The older ladies still made baskets, picked sweetgrass, worked with quills, dyed them and made all the Native crafts and traditional foods. They grew the native corn, and then we’d take it all off in the fall and put it in jars. And then she’d do a lot to prepare it for soups and meals.
—Susan Hoeg, Chippewas of
Georgina Island7
I know my late grandmother, she used to visit and travel to Georgina Island. And Christian Island, too, was mentioned. And Rama, of course, and Curve Lake.
—Pat LeSaux, Mississaugas of
Scugog Island8
In this context, the activities of the Grand General Council of Ontario and Haudenosaunee Grand Councils represented one stream of ongoing collective action. Oronhyatekha (Dr. Peter Martin) and Dr. Peter Edmund Jones represented another: Western-educated individuals and cultural brokers who engaged with mainstream Canada and its elites to educate, advocate, and advance Indigenous interests as they understood them. Neither were traditional leaders: Oronhyatekha spent much of his life off-reserve and was never elected Chief; Jones was of mixed heritage, grew up off-reserve in settler society, and only returned to serve New Credit as an adult. As they gained access to power and privilege, they were sometimes mistrusted by Indigenous peoples who lived most of their lives on reserve. Both had significant connections to Toronto and broke barriers that largely prevented Indigenous peoples from participating in all but the lowest rungs of settler society. They challenged racist stereotypes of what Indigenous people were capable of, creating new possibilities for Indigenous lives.
Epidemic Diseases and the Myth of the “Vanishing Indian”
Peter Edmund Jones and Oronhyatekha began their public careers as the first and second Western-trained Indigenous medical doctors in Canada. In pursuing careers in medicine, they addressed one of the deepest traumas of colonization—the severe loss of life resulting from European epidemic diseases and the deterioration of Indigenous peoples’ physical and mental health. The two men countered the prevalent belief that Indigenous people could not adapt to modernity and were doomed to sicken and die out.

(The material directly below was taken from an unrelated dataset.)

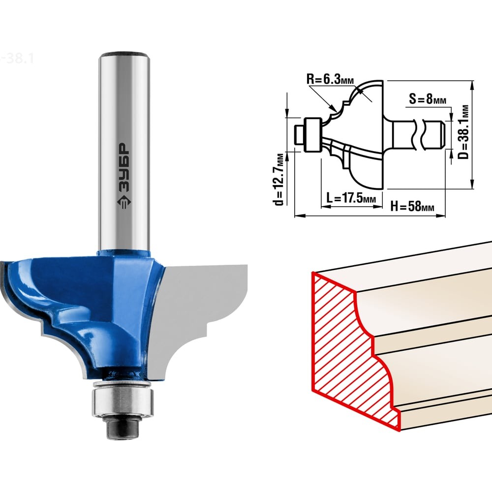 ЗУБР 38.1 x 17.5 мм, радиус 6.3 мм, фреза кромочная калевочная №3, Профессионал (28704-38.1)

Because Indigenous peoples had no immunity to European diseases or experience treating them, all members of a group became infected at once, with catastrophic results. In the post-contact period, wave after wave of epidemics swept through Indigenous communities, leaving weakened survivors of one disease more vulnerable to the next and everyday life severely disrupted. Data is scarce, but scholars’ estimates of the death rate for all of North America vary from 25 per cent to upwards of 90 per cent.9 In the 1790s, epidemics killed over one-third of the Mississaugas of the Credit, greatly weakening the community and reducing their numbers from 500 in the 1780s to 350 in 1798.10 Smallpox killed many north of Toronto as well, as Lieutenant-Governor Simcoe discovered on his trip up the Humber in 1793.11
In the 1830s and 1840s, many at the Credit Village felt the health impacts of taking on the new settler lifestyle. In 1834, the village was struck by ague, or malarial fever, from mosquitoes in marshlands in the Credit River Valley. Widespread land clearing and disturbance had extended the northern range of malaria-carrying Anopheles mosquitoes to North America.12 The move from semi-nomadic life in wigwams to crowded cabins in permanent villages also spread tuberculosis.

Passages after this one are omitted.